> _SUPPLIED MATERIAL_
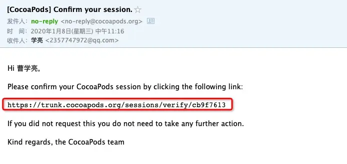 注册后邮箱会收到确认邮件,点击链接进行确认。如下所示:
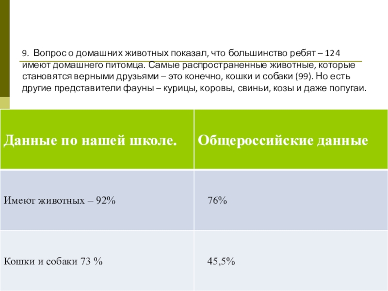 9. Вопрос о домашних животных показал, что большинство ребят – 124 имеют
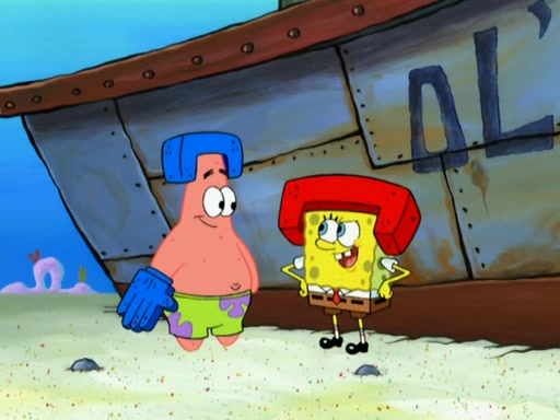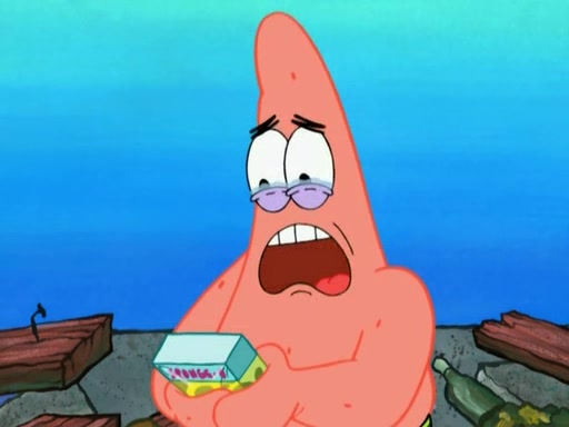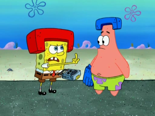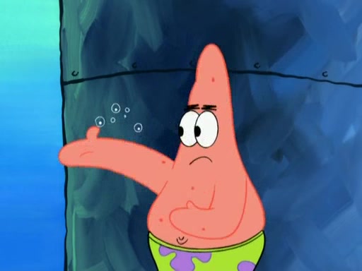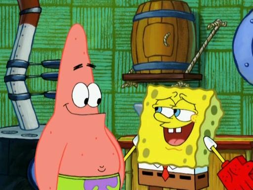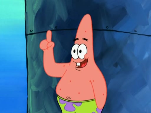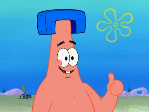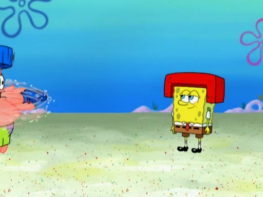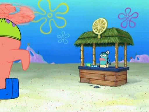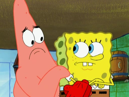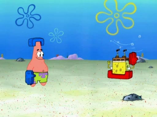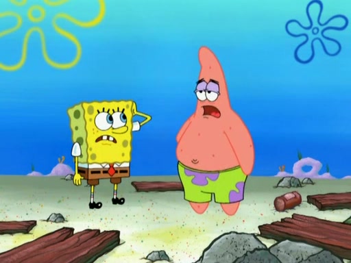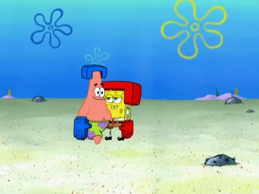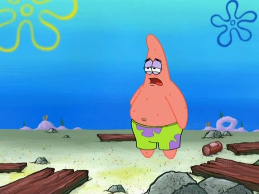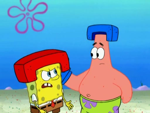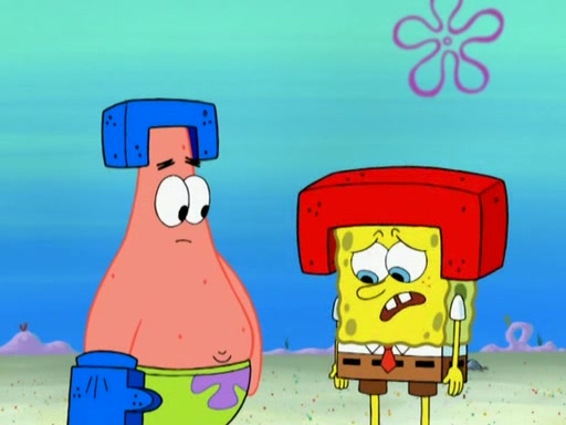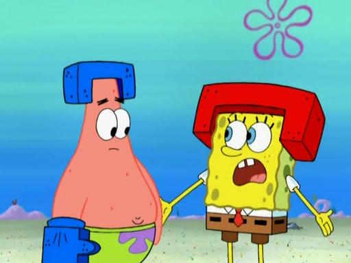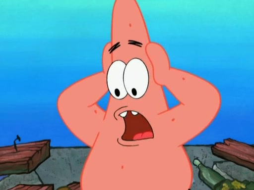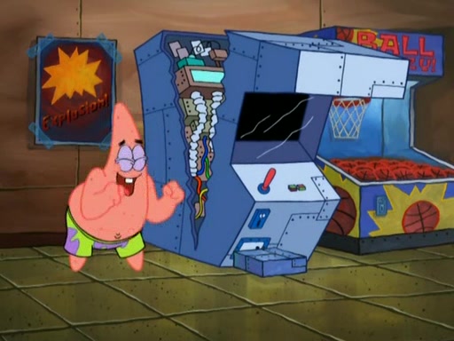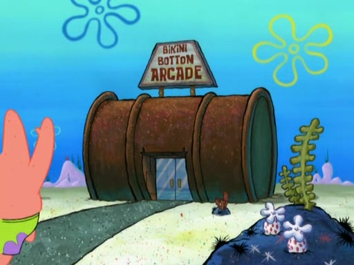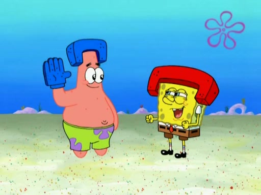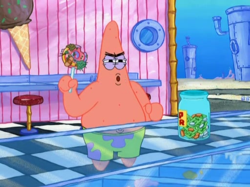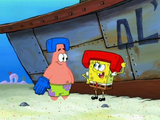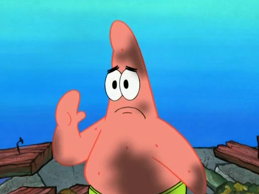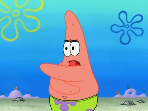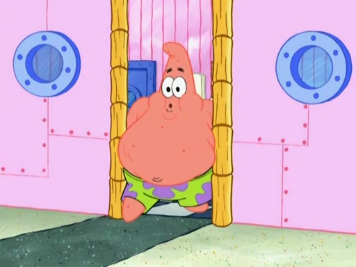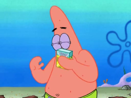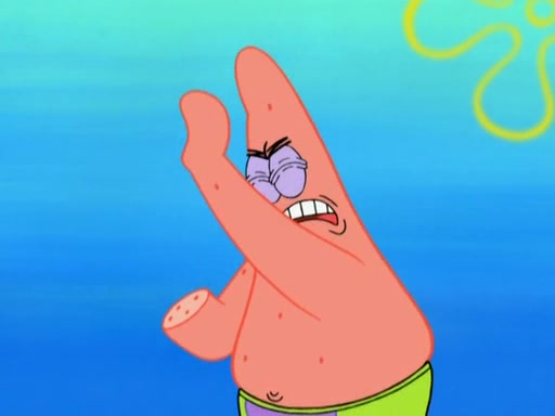 Patrick decides that he wants to learn Karate. SpongeBob is skeptical but gives in since that was the deal. He tries to teach Patrick the "reverse whirlpool," and then to fly into a brick wall and destroy it. Patrick succeeds in this but ends up unable to stop flying and destroys a lemonade stand. Next, SpongeBob tries to teach Patrick a move where he spins around on one foot. Patrick then starts spinning uncontrollably. SpongeBob gives up, and Patrick perfectly karate-chops a cinder block in half out of anger. He chops a steel sword and a boat as practice and then almost chops Baby Rechid. SpongeBob stops and warns him not to chop any living organisms or their property. He reminds him that "with power comes responsibility," but has to go to work and leaves Patrick, who starts chopping everything from arcade games to spinach.
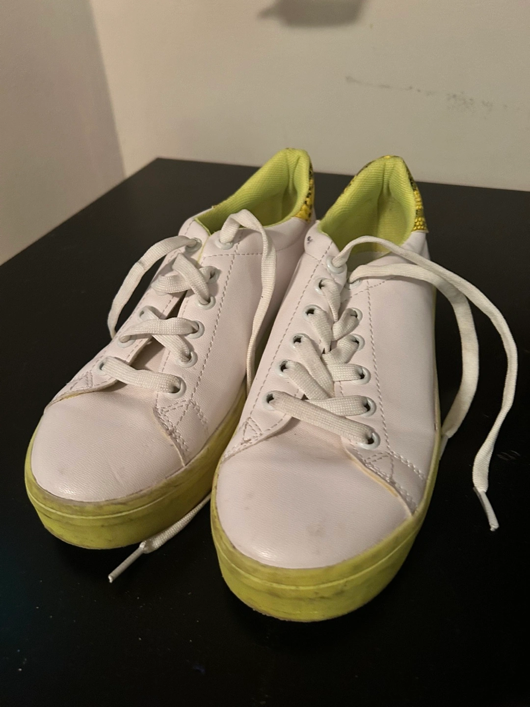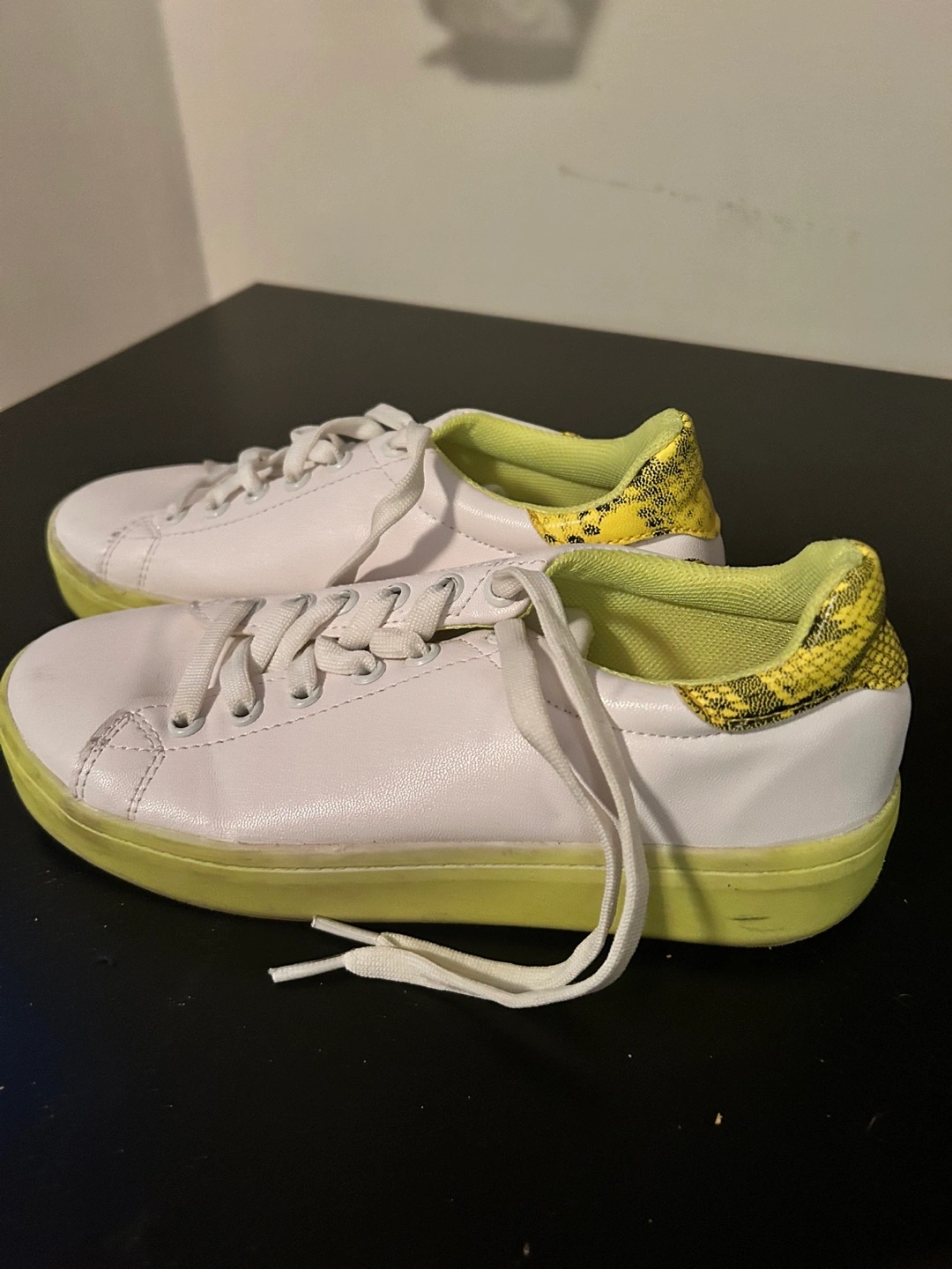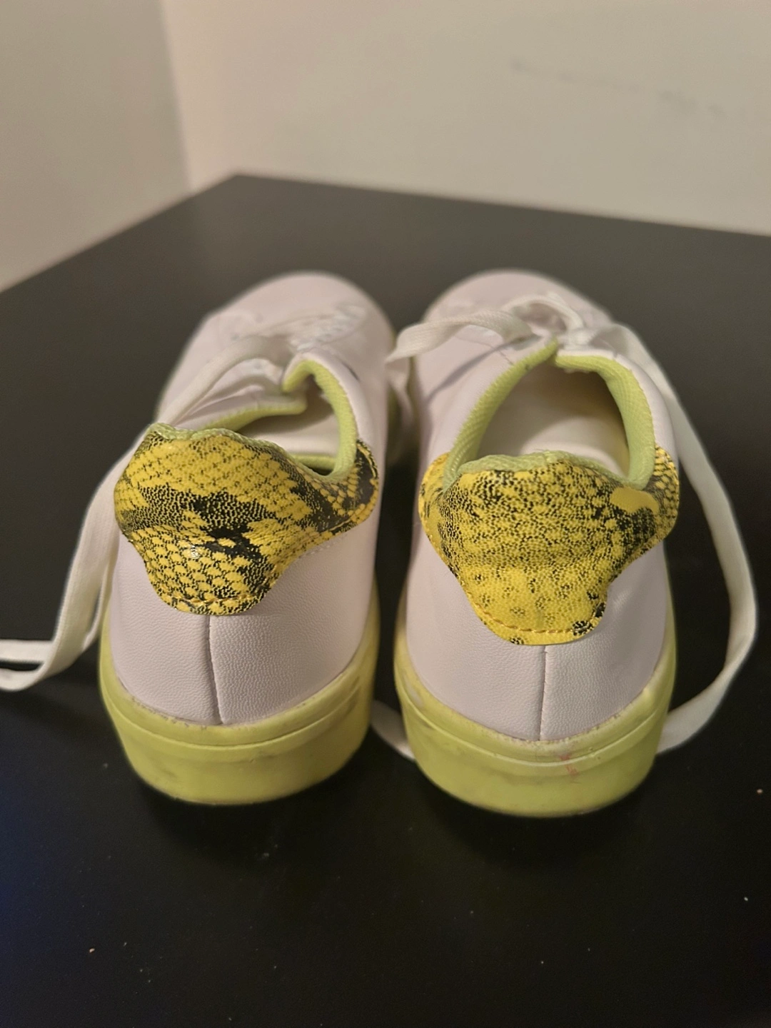White sneakers with a yellow platform and snakeskin detail on the back. Lace-up closure.
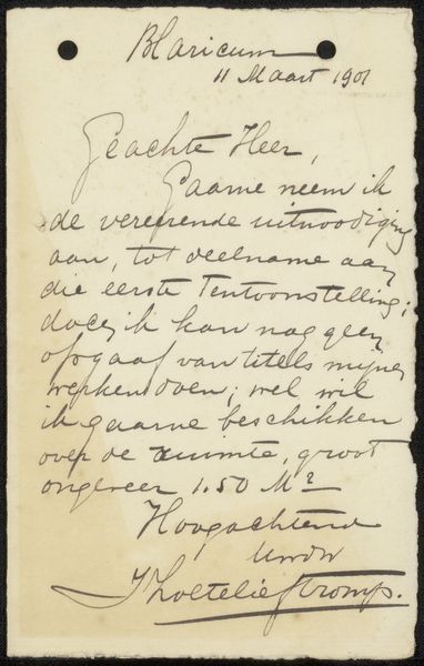 Editor: Here we have "Brief aan Philip Zilcken," potentially from 1901 to 1909, created by Jan Voerman. It's a handwritten letter in ink on paper. There's something incredibly intimate about seeing someone's personal correspondence like this. How would you approach an analysis of its intrinsic artistic value? Curator: Note how Voerman orchestrates visual hierarchy through varying the density and weight of his script. Ascenders and descenders are given space to breathe, allowing legibility. The signature is set apart by flourishing lines that provide a subtle aesthetic emphasis, a characteristic signature, wouldn’t you agree? The materiality contributes as much, though. Editor: So you're saying it’s the rhythm and variation in the lettering that carries visual weight, and the signature punctuates it? Does the somewhat uneven texture of the paper factor into the romantic feel, or would the artwork stand regardless? Curator: Precisely. Consider the negative space surrounding the text itself—it defines and accentuates the graphic qualities, creating visual balance despite the non-standard arrangement. The visible ageing and possible imperfection on paper and ink lends historical gravity and human vulnerability. Voerman seems uninterested to write like one of calligraphers from previous periods, like Jan van den Velde for example. In fact, his choice could serve an anti-academic statement against classical writing, since the Romantics saw individualism in this form as inherently sincere. Editor: Interesting. I never thought of handwriting that way before. Thank you! Curator: My pleasure. It’s this dance between textual content and visual form that reveals Voerman’s true mastery and intention. It is like staring into soul!

> _EXERCISE DIRECTIONS_
Please repeat, with no pictures, each line from the start of the records above through the line with "9. Вопрос о", inclusive, and only those.

> _TASK ANSWER_
 注册后邮箱会收到确认邮件,点击链接进行确认。如下所示:
 9. Вопрос о домашних животных показал, что большинство ребят – 124 имеют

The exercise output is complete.